Two authors from the Upper Valley have published new works drawing from their lived experiences in different parts of the world. Ivy Schweitzer's poetry collection 'Dividing Rivers' explores her identity and biases, while Ezzedine C. Fishere's novel 'Nightfall in Cairo' reflects Egypt's political unrest. Both books highlight the power of literature to convey personal and cultural narratives.
Ivy Schweitzer, a retired English and creative writing professor at Dartmouth College who lives in Norwich, released 'Dividing Rivers: Poems' last August. The memoir in verse traces her life from childhood in Brooklyn's Sheepshead Bay Jewish neighborhood to her decades in the Upper Valley. It reckons with her identity as a white, Jewish woman and her internalized biases against people of color, using poetry to bring unconscious prejudices to the forefront.

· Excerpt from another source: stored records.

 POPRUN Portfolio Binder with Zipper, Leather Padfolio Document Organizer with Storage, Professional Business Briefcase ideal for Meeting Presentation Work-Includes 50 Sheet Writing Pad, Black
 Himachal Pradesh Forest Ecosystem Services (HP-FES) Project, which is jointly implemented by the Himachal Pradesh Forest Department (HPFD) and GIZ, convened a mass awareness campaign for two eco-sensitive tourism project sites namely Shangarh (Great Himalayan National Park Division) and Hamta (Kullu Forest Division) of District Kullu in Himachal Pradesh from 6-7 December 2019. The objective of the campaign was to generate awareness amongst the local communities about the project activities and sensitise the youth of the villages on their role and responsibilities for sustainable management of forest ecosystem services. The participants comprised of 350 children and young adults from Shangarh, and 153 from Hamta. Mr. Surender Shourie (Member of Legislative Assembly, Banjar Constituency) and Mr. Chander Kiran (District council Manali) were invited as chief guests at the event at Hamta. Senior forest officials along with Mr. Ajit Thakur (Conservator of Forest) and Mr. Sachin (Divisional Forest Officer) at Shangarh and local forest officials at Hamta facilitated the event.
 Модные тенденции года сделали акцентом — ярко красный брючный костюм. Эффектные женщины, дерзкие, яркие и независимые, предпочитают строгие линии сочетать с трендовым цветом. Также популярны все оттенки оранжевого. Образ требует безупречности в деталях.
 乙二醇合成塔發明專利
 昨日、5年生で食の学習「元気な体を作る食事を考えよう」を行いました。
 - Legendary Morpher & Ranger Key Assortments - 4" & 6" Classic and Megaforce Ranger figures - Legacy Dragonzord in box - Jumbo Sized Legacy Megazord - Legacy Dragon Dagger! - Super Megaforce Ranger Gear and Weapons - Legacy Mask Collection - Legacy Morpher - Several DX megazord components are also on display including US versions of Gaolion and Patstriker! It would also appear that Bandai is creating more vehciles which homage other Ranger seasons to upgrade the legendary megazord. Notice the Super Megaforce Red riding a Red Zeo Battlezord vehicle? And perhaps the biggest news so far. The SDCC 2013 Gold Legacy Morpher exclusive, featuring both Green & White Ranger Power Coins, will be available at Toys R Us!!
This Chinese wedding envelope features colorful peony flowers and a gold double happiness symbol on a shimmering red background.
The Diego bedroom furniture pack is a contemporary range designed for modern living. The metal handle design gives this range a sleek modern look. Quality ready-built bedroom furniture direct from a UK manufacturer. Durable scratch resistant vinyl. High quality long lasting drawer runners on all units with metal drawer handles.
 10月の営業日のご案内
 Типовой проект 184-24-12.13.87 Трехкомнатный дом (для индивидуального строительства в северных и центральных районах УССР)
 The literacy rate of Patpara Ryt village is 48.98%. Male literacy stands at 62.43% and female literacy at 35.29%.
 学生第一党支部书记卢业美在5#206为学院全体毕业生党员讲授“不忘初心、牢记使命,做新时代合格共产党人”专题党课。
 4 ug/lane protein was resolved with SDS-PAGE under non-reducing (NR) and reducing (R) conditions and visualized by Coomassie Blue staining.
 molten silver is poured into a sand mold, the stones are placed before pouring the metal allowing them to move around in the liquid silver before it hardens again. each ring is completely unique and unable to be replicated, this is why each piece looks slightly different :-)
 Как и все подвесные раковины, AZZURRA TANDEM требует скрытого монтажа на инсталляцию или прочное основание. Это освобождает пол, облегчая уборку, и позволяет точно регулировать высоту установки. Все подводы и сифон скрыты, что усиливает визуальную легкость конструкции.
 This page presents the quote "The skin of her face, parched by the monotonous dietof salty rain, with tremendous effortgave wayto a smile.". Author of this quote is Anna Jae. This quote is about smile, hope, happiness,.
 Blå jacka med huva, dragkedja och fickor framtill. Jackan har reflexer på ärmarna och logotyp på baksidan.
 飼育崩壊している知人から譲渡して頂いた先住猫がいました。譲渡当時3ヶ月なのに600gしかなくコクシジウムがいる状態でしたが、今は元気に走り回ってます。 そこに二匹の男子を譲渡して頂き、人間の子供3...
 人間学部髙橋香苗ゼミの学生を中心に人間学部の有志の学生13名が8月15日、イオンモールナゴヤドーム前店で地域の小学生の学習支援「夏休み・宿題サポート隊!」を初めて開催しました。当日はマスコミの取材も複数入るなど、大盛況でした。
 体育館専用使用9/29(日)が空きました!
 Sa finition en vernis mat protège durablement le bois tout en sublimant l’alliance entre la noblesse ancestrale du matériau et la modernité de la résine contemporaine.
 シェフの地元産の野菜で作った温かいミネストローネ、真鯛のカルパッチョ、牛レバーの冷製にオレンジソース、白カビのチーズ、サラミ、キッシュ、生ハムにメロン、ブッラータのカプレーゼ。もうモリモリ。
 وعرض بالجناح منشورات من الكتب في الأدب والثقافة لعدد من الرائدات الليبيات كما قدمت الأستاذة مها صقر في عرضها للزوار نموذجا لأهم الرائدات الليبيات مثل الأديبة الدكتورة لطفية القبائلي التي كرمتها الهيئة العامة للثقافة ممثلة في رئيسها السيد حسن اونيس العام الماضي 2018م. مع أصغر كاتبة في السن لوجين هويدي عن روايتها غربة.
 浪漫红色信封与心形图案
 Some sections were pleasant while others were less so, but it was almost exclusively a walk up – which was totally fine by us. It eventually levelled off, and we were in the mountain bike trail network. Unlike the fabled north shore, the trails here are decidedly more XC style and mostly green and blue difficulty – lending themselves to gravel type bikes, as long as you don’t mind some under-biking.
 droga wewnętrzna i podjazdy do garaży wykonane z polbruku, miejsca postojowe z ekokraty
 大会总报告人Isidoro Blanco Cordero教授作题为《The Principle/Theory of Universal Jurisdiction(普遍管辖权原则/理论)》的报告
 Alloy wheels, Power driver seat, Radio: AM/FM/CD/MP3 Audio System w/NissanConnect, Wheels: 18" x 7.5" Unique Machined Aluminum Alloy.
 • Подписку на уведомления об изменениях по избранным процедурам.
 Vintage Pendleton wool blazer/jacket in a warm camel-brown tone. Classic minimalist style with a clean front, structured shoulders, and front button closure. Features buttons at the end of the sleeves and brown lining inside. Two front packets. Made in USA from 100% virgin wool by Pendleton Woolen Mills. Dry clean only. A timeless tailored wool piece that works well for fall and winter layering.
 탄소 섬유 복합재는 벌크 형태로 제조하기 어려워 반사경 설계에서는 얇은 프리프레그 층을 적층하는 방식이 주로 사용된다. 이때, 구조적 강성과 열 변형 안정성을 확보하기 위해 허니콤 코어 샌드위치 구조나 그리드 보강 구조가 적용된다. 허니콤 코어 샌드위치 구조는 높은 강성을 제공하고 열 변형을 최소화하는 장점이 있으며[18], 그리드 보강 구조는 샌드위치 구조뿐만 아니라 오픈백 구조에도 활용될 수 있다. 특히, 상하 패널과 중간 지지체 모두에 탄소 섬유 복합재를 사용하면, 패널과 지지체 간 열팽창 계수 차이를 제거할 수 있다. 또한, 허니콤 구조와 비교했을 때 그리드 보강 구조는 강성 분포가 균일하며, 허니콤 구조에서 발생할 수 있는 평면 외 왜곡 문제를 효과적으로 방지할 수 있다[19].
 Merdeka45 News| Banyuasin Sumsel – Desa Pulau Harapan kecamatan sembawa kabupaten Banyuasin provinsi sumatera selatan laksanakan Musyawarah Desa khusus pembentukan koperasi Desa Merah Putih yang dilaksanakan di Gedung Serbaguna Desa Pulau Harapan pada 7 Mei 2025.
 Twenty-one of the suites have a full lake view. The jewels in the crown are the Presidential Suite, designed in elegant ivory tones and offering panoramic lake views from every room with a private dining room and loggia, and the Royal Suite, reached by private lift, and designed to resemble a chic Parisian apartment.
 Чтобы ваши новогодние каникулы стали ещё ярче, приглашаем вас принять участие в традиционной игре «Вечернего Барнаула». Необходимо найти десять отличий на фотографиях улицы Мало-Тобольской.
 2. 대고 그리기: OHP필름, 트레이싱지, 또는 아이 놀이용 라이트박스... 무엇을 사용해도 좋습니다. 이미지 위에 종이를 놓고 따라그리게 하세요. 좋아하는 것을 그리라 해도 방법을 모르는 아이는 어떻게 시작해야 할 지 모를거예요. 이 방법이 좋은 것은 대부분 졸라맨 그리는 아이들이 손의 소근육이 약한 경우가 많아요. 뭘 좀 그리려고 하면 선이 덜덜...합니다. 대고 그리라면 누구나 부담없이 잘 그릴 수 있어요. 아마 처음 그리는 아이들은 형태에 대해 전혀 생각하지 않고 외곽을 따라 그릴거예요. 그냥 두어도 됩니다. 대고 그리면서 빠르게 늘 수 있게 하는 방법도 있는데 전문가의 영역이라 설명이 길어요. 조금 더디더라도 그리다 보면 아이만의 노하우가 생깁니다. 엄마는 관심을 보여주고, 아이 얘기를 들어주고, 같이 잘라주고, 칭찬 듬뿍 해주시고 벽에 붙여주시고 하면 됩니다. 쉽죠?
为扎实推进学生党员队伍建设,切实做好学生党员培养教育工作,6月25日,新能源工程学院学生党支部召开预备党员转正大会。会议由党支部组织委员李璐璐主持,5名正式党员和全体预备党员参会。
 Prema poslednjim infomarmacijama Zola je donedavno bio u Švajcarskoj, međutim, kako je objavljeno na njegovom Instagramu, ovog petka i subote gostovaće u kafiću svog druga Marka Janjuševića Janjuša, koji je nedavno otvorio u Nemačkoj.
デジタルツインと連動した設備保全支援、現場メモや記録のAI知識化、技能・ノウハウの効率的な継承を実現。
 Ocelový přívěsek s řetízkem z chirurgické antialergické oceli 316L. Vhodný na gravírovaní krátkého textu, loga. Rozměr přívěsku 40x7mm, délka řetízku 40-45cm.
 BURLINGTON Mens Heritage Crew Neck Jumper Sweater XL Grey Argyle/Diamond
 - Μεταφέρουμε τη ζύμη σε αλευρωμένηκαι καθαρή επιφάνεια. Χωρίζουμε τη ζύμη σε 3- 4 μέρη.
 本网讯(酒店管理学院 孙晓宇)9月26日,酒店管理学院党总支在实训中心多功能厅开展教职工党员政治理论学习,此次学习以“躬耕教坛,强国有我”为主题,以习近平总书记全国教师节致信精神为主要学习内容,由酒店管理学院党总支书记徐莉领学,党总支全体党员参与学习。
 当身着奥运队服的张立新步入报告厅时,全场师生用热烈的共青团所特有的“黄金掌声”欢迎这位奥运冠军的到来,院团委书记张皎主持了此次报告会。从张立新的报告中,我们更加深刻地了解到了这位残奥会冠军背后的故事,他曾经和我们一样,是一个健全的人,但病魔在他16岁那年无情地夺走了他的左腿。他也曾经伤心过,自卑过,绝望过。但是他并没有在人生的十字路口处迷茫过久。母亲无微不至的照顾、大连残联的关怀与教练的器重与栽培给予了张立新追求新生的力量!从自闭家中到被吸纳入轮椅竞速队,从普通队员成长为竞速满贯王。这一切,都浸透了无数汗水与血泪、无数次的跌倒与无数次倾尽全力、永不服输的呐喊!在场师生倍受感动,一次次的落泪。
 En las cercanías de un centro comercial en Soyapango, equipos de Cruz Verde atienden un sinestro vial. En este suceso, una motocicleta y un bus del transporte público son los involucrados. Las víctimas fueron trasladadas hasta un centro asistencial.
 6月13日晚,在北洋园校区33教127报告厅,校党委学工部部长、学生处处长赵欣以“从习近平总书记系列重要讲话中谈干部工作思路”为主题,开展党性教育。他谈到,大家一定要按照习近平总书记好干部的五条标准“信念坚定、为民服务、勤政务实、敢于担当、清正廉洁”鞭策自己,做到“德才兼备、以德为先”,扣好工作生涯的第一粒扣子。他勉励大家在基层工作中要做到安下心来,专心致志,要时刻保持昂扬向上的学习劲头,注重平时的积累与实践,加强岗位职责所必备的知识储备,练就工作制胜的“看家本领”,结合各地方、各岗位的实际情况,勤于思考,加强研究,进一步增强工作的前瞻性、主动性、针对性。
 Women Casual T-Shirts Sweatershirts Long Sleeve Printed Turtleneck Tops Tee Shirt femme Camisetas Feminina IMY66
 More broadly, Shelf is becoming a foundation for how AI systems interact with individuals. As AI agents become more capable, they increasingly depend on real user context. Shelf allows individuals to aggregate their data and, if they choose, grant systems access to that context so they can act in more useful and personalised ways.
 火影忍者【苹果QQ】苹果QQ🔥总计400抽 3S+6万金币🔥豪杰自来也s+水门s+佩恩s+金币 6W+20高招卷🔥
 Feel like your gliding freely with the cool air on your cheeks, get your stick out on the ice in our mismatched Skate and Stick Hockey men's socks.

The cover features an image referencing kintsugi, the Japanese art of repairing broken pottery with gold-laced lacquer to make breakage visible. Schweitzer, 74, began writing the poems in summer 2020 while on her sailboat in Penobscot Bay, shortly after George Floyd's murder. One key piece, 'Whiteness: A Checklist of Excuses,' includes lines such as 'Feared when I passed a dark man on a street' and 'Cried when friends pointed out my racist language.' She presents it as two versions: the original crossed out and a rewritten one, emphasizing an iterative process of self-examination.
'I had to eventually rewrite that entire poem and rethink my entire relationship to whiteness, but I really didn’t want to throw the first poem away and whitewash it, whitewash myself,' Schweitzer said. She added, 'I’m crossing it out because I really don’t want to embrace it anymore, but I’m going to let you see it so you can see where I came from, and what was so problematic.'
Ezzedine C. Fishere, who teaches Middle East politics at Dartmouth and lives in Hanover, is releasing the English edition of his 2017 novel 'Nightfall in Cairo' on March 1. Originally written in Arabic, the fiction draws from his experiences as a former diplomat in Egypt during the early 2010s political upheaval, including his participation in the uprising against the authoritarian regime.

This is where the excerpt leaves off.